La qualità e la rappresentatività di ogni processo analitico è strettamente correlata alle modalità di prelievo dei campioni, fase estremamente complessa e delicata che condiziona tutte le operazioni successive e, non da ultimo, l’effettiva possibilità di utilizzo del dato finale nella valutazione di conformità del campione o nella sua inclusione in dati statistici di monitoraggio.
Nella stima globale dell’incertezza dei risultati è verosimile ipotizzare che il contributo del campionamento sia almeno 10 volte superiore a quello della sola fase analitica. Il prelievo di campioni di matrici ambientali presenta difficoltà spesso maggiori di quelle sperimentabili con matrici sanitarie come, ad esempio, gli alimenti. Ammettendo un’eterogeneità comparabile del materiale da prelevare il campione di alimento dovrà essere rappresentativo di un lotto o una partita, entità spesso molto ampie ma statiche. Il campionamento di matrici ambientali ha invece la finalità di rappresentare un fenomeno o una situazione in continua evoluzione e la definizione della strategia: il tipo di matrice (ad esempio acqua, terreno, biota) e il momento del prelievo (stagionalità, orario, condizioni climatiche) diventano un elemento determinante.
In relazione alla rappresentatività del campione non è semplice definire modalità univoche per ogni situazione ma l’adozione di procedure standardizzate e la registrazione accurata di tutte le informazioni rilevanti permettono di stimare ragionevolmente il valore statistico del dato ottenuto e, se possibile e opportuno, di riprodurre e confrontare gli esiti di misure indipendenti o successive.
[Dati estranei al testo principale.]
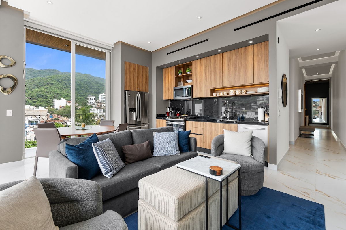Centro della Zona Romantica, cuore del centro storico di Puerto Vallarta, a due isolati dalla spiaggia di Los Muertos e dal lungomare di Malecon. Goditi la vivace vita notturna o rilassati sulla terrazza panoramica. Questa lussuosa unità offre agli ospiti i migliori servizi, come macchina per caffè espresso, TV da 75 pollici, grande fontana, aromaterapia e prodotti da bagno esclusivi in omaggio. L'appartamento offre una vista mozzafiato sulle montagne e sull'oceano. L'edificio dispone di piscina riscaldata, area barbecue e palestra.

Un aspetto sostanziale e più controllabile riguarda invece l’adozione di procedure adeguate a prelevare il campione in maniera tale che mantenga inalterate le proprie caratteristiche fisiche, chimiche e biologiche fino al momento dell’analisi; in questo caso si può parlare di una fase pre-analitica che comprende la raccolta del campione, il trasporto e la conservazione. A seconda delle prove che verranno eseguite nei laboratori è necessario adottare specifiche precauzioni e accortezze, dai materiali utilizzati per il prelievo agli eventuali trattamenti in campo (filtrazione, acidificazione, stabilizzazione), al rispetto delle condizioni alle tempistiche corrette. Tutte queste operazioni sono parametrizzabili con grandezze, quali la purezza dei reagenti o l’incertezza dei misuratori di temperatura, più familiari ai laboratoristi. Non è possibile assicurare al 100% che alcuni analiti/microorganismi non si degradino o non aumentino, ma il rispetto di regole standardizzate permette verosimilmente una riproducibilità significativa degli esiti a parità di condizioni; al contrario, la registrazione puntuale di scostamenti rispetto alle modalità richieste faciliterà l’interpretazione di eventuali anomalie e, quando opportuno, la sospensione del giudizio sui risultati di parametri compromessi da tali scostamenti.
L’importanza di queste operazioni è palese poiché tutti i metodi più utilizzati in campo ambientale (EPA, APAT CNR IRSA, Standard Methods) riportano requisiti specifici per le diverse tipologie di analisi; in assenza di indicazioni è opportuno definire internamente tali procedure. L’indicazione sui rapporti di prova dei metodi utilizzati per le diverse determinazioni implica che il laboratorio si assicuri del rispetto delle regole previste anche nelle fasi precedenti all’inizio delle analisi.
A differenza dei piccoli laboratori privati, nelle agenzie ambientali gli operatori che eseguono il prelievo sono quasi sempre diversi da quelli che eseguiranno le analisi e spesso l’importanza di tali operazioni può essere sottovalutata rispetto alle innegabili difficoltà logistiche per la loro esecuzione in campo. È necessario pertanto condividere le differenti esperienze e sensibilizzare tutto il personale coinvolto cercando, se necessario, soluzioni alternative, ad esempio tramite studi di omogeneità e stabilità dei campioni in condizioni meno stringenti.